STATE AGING DIRECTOR URGES OLDER AND DISABLED CALIFORNIANS AND CAREGIVERS TO BE PREPARED FOR EMERGENCIES


PERSONAL NEEDS

  • Compile a list of medications, allergies, special equipment, names and numbers of doctors, pharmacists and family members, and emergency phone numbers (police, fire, ambulance). Keep this list with you at all times.

  • Include a spare pair of eyeglasses and extra medication in your emergency supplies, which should always be kept at your bedside.

  • Store extra batteries for hearing aids, wheelchairs and other battery-powered assistive devices with your emergency supplies.

  • Keep walking aids nearby at all times.

  • Install a security light in each room. These lights plug into any outlet and light up automatically if there is a loss of electricity. They operate automatically for four to six hours.

  • Keep a whistle on hand to signal for help.

  • Anchor special equipment, such as telephones and life support systems, and fasten tanks of gas, such as oxygen, to the wall.

  • Have a battery operated portable radio available for news and alerts.


HOME PREPAREDNESS

  • Prepare to be self-sufficient for at least three days with an emergency supply kit that includes water, any special dietary items, sanitary aids, cooking and eating utensils, flashlight, batteries, radio, blankets, prescription drugs, a change of clothing and a well-stocked first aid kit.

  • Securely anchor medical equipment, heavy appliances and bookcases. Move beds away from windows. Do not hang shelves or heavy objects over beds.

  • Identify the safest spot in each room of your home. Remove items from hallways, exits, doorways and other areas that may obstruct an exit or present a hazard.

  • Develop a plan on how and where to reunite if your family becomes separated. Conduct practice drills to prepare for an emergency.


IN THE EVENT OF A DISASTER

  • Stay away from heavy furniture, electrical appliances, large panes of glass, shelves with heavy objects, and fireplaces.

  • Listen to your portable radio for instructions and news reports.

  • In the event of an earthquake, prepare for aftershocks. If you are in bed or sitting down, do not stand up as you could be thrown to the floor.

  • If you evacuate, leave a message at your home about where you can be found.


NEIGHBORHOOD PREPAREDNESS

  • Identify neighbors who have special needs or may require special assistance.

  • Know the location of the nearest fire station, police station and hospital.

  • Organize a neighborhood emergency preparedness program.

  • Advance preparation can reduce fear and anxiety during any emergency, and will certainly help in the hours and days following an event.


In California, there are many organizations, services and resources that are available to help people prepare for an emergency.

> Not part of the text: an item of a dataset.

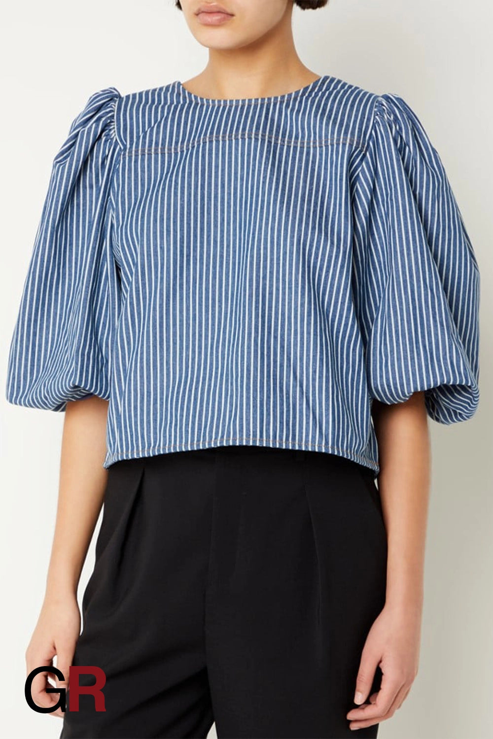 Glockentop mit Puffärmeln und königlichem Kragen -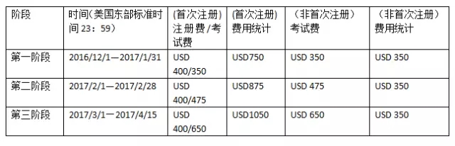 报名采用Early Bird 方案,越早报名越便宜。2017年5月FRM一、二级考试报名费用如下:

The California Office of Emergency Services' Website, www.caloes.ca.gov, contains safety checklists for all Californians. There are several important features on this site, including a special section with tips for the elderly and adults with disabilities. Additional information can be obtained by viewing the U.S. Department of Homeland Security's Website at www.ready.gov, or CDA's Website at www.aging.ca.gov.